Moving from $(0,0)$ to $(5,5)$ without right angles

Generating function approach.

Let $H(x,y)$, $V(x,y)$ and $D(x,y)$ be the generating functions of the paths which ends at $(n,m)$ with an horizontal step, a vertical step, or a diagonal step respectively.

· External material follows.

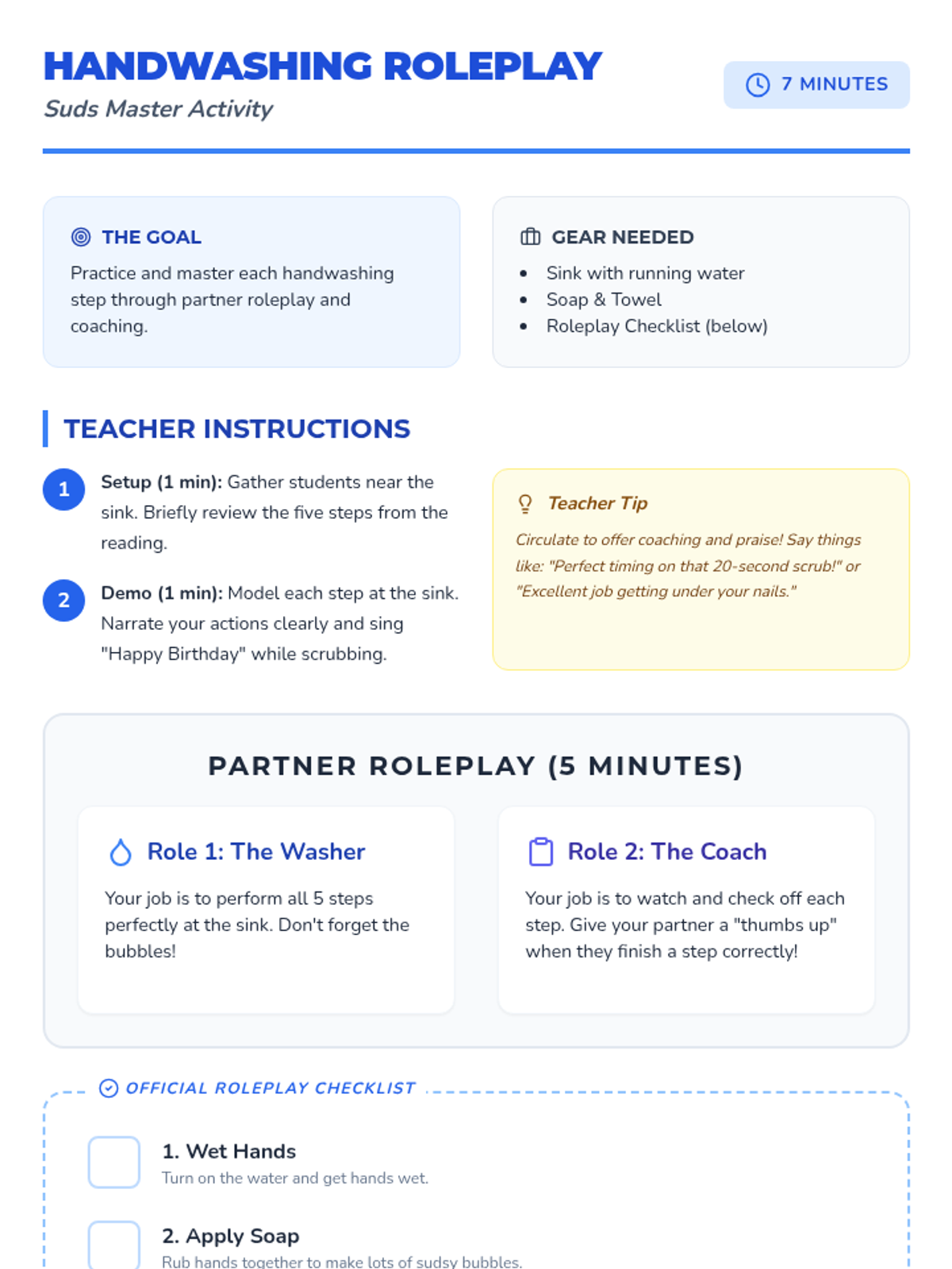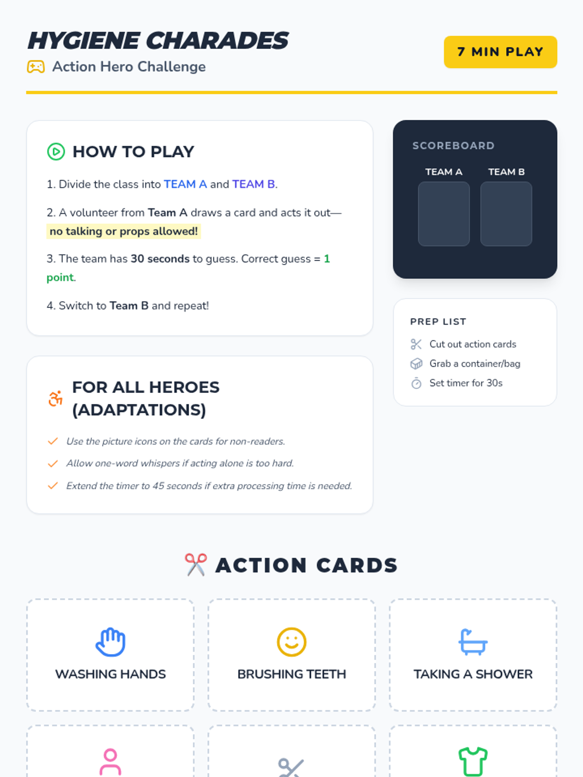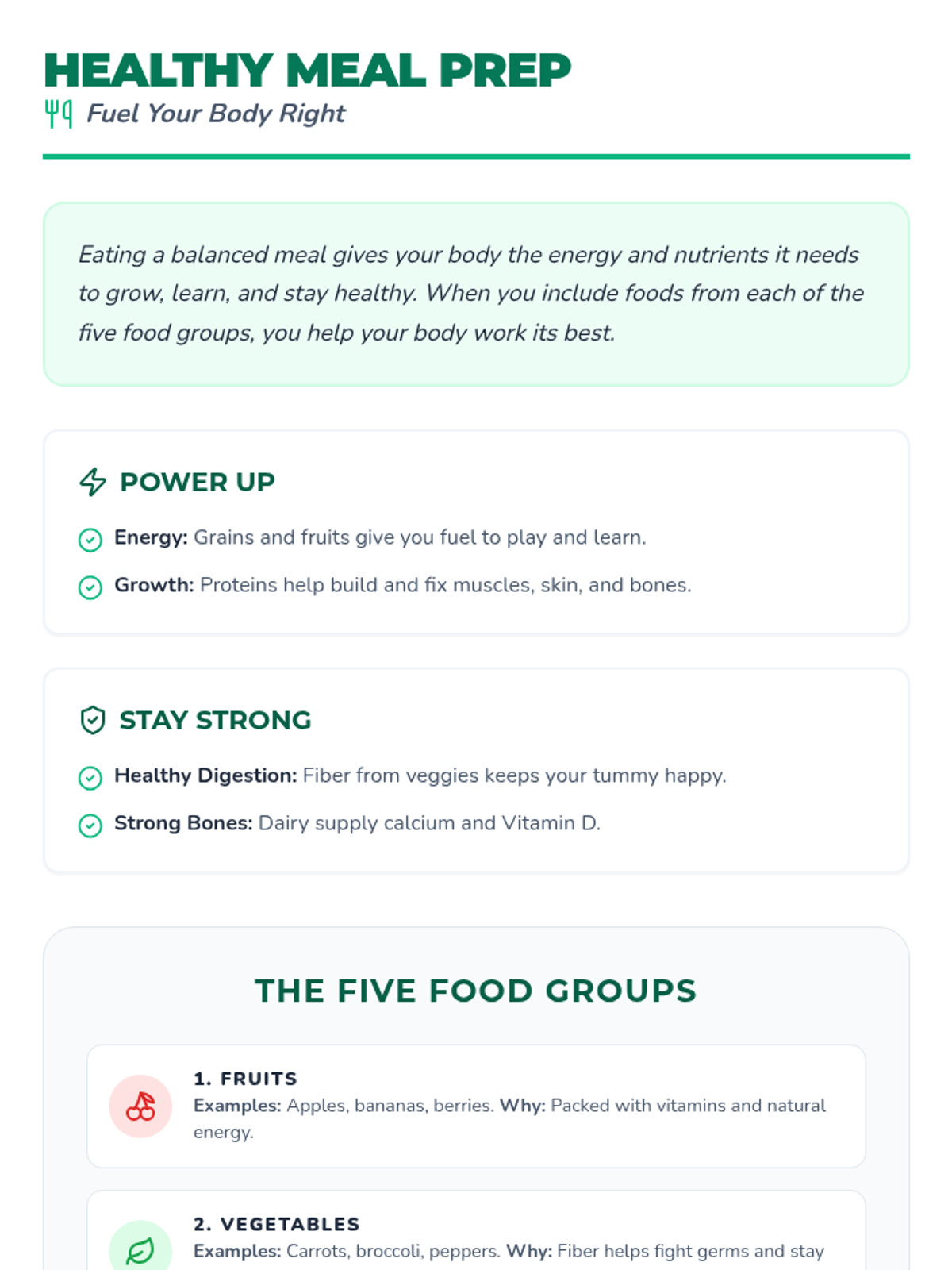 A two-session sequence designed for middle school special education students to develop essential life skills in personal hygiene and healthy meal preparation. Each session combines interactive reading, hands-on activities, and gamified learning to foster independence and confidence.

Then the following linear relations hold $$\begin{cases} H=x(H+D)\\ V=y(V+D)\\ D-1=xy(H+V+D) \end{cases} $$ By solving the system, we find that the generating function of all the paths is $$F(x,y)=H(x,y)+V(x,y)+D(x,y)=\frac{1-xy}{1-x-y+x^2y^2}.$$ Hence the number of paths from the origin to $(n,n)$ for $n\geq 0$ is $$[x^ny^n]\frac{1-xy}{1-x-y+x^2y^2}=1, 1, 3, 9, 27, 83, 259, 817, 2599, 8323, 26797,\dots.$$ Therefore, for $n=5$, the answer is $83$.

The sequence appears in OEIS as A171155 and, according to the references, the diagonal of $F(x,y)$ is $$\sqrt{\frac{1-x}{1-3x-x^2-x^3}}.$$


If I understand the problem correctly, and you let $\ n_h(x,y)\ $ be the number of paths from $\ (0,0)\ $ to $\ (x,y)\ $ with final step horizontal from $\ (x-1,y)\ $, $\ n_v(x,y)\ $ the number with final step vertical from $\ (x,y-1)\ $, and $\ n_d(x,y)\ $ the number with final step diagonal from $\ (x-1,y-1)\ $ then $\ n_h, n_v, n_d\ $ must satisfy the following recursions \begin{align} n_h(x,y)&=n_h(x-1,y)+n_d(x-1,y)\\ n_v(x,y)&=n_v(x,y-1)+ n_d(x,y-1)\\ n_d(x,y)&=n_h(x-1,y-1)+ n_v(x-1,y-1)+n_d(x-1,y-1) \end{align} for $\ 1\le x,y\le5\ $, and the following initial conditons \begin{align} n_h(x,0)&=1, n_v(x,0)=n_d(x,0)=0\ \text{ for }\ 1\le x\le5\ ,\\ n_v(0,y)&=1, n_h(0,y)=n_d(0,y)=0 \ \text{ for }\ 1\le y\le5,\ \text{and}\\ n_v(1,1)&=n_h(1,1)=0, n_d(1,1)=1\ . \end{align} Applying these recursions to the initial conditions we get the values of $\ n_h(x,y), n_v(x,y), n_d(x,y)\ $ given in the following table: \begin{array}{c|cccccc} {}_y\backslash{}^x&0&1&2&3&4&5\\ \hline 0&&(1,0,0) &(1,0,0) &(1,0,0) &(1,0,0) &(1,0,0)\\ 1&(0,1,0) & (0,0,1)&(1,0,1)&(2,0,1)&(3,0,1)&(4,0,1)\\ 2 &(0,1,0)&(0,1,1)&(1,1,1)&(2,1,2)&(4,1,3)&(7,1,4)\\ 3& (0,1,0) &(0,2,1)&(1,2,2)&(3,3,3)&(6,4,5)&(11,5,8)\\ 4 &(0,1,0) &(0,3,1)&(1,4,3)&(4,6,5)&(9,9,9)&(18,13,15)\\ 5 &(0,1,0) &(0,4,1)&(1,7,4)&(5,11,8)&(13,18,15)&(28,28,27) \end{array} The total numbet of paths from $\ (0,0)\ $ to $\ (5,5)\ $ is therefore $\ n_h(5,5)+n_v(5,5)+n_d(5,5)=$$28+28+27=83\ $.